These biological properties of MSCs rapidly led to investigation of their use in cell-based therapy by the middle of the 1990s. Caplan's team was the first to intravenously inject autologous, cultured MSCs in patients during a safety assessment trial ; up to 50 × 106 MSCs could be safely injected in humans. Later, injected MSCs were used in clinical trials to treat diseases such as osteogenesis imperfecta , metachromatic leukodystrophy , acute myocardial infarction , and graft-versus-host disease (GVHD) . MSCs were also implanted to treat bone defects [11, 12]. More than 50 clinical trials related to MSCs have been reported at http://www.clinicaltrials.gov.

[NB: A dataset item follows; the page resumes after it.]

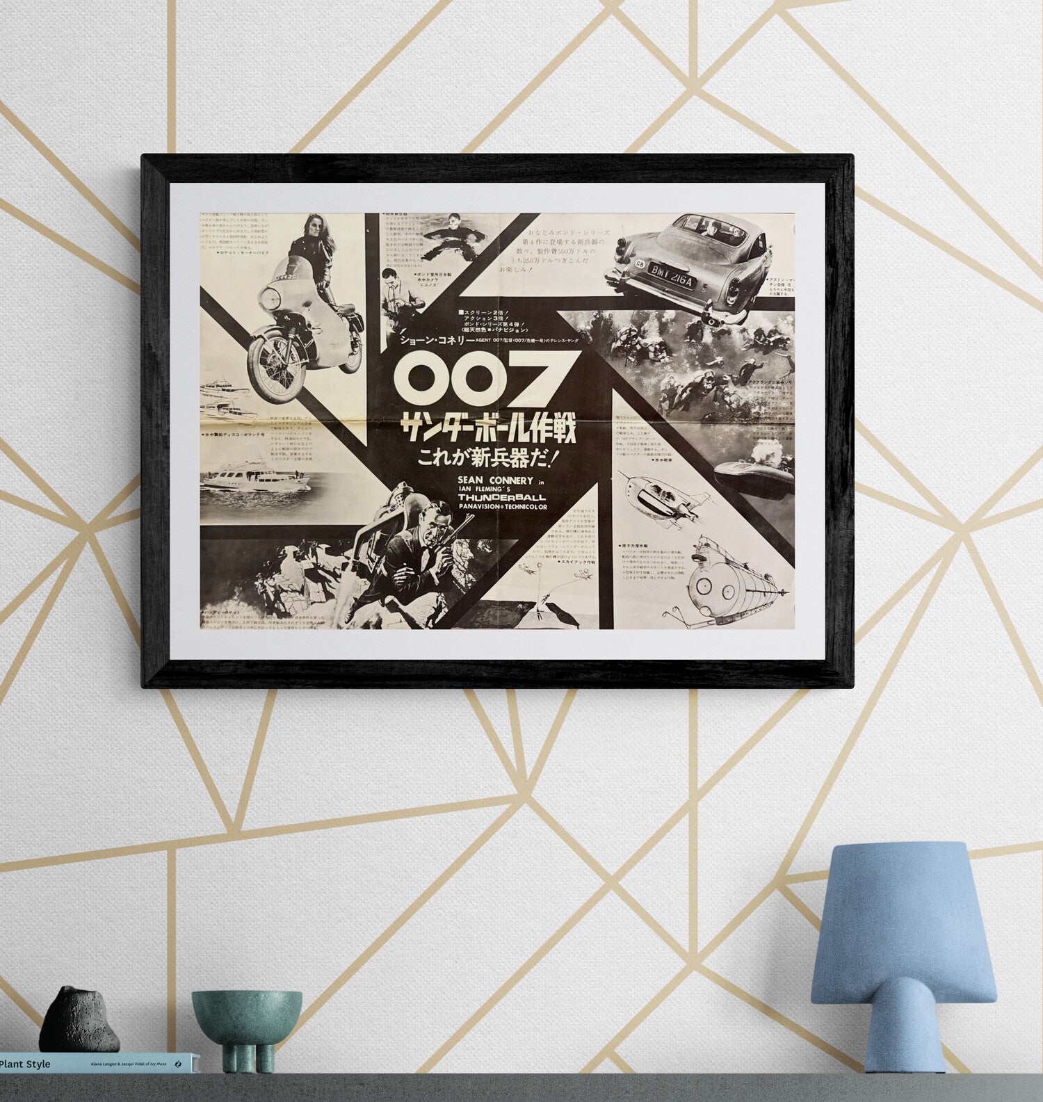 This is an original Japanese B3 poster printed in 1965 for Sean Connery’s fourth 007 outing Thunderball (Panavision / Technicolor). Issued for the first Japanese theatrical run, this scarce shop/poster features the headline “これが新兵器だ!”—spotlighting the film’s cutting-edge gadgets and underwater warfare.

MSC populations with similar properties are found in almost all tissues in mammals and humans [13, 14]. Among them, adipose tissue is the most promising source of MSC-like cells suitable for clinical trials. Indeed, since the description of adipose-derived stromal cells (ADSCs) by Zuk and colleagues, in 2001, the large amount of data generated has shown adipose tissue to be the richest source of mesenchymal progenitor cells (ADSCs are at least 100 times more abundant in adipose tissue than are MSCs in BM). ADSCs and MSCs share many characteristics  but also differences in protein and function  (Table 1). For example, ADSCs have greater angiogenic potential than do MSCs . ADSCs were used in clinical trials as soon as 5 years after their description [18, 19] and more than 10 clinical trials have been reported at http://www.clinicaltrials.gov. The clinical use of MSCs from other sources, especially the fetus, is far less advanced.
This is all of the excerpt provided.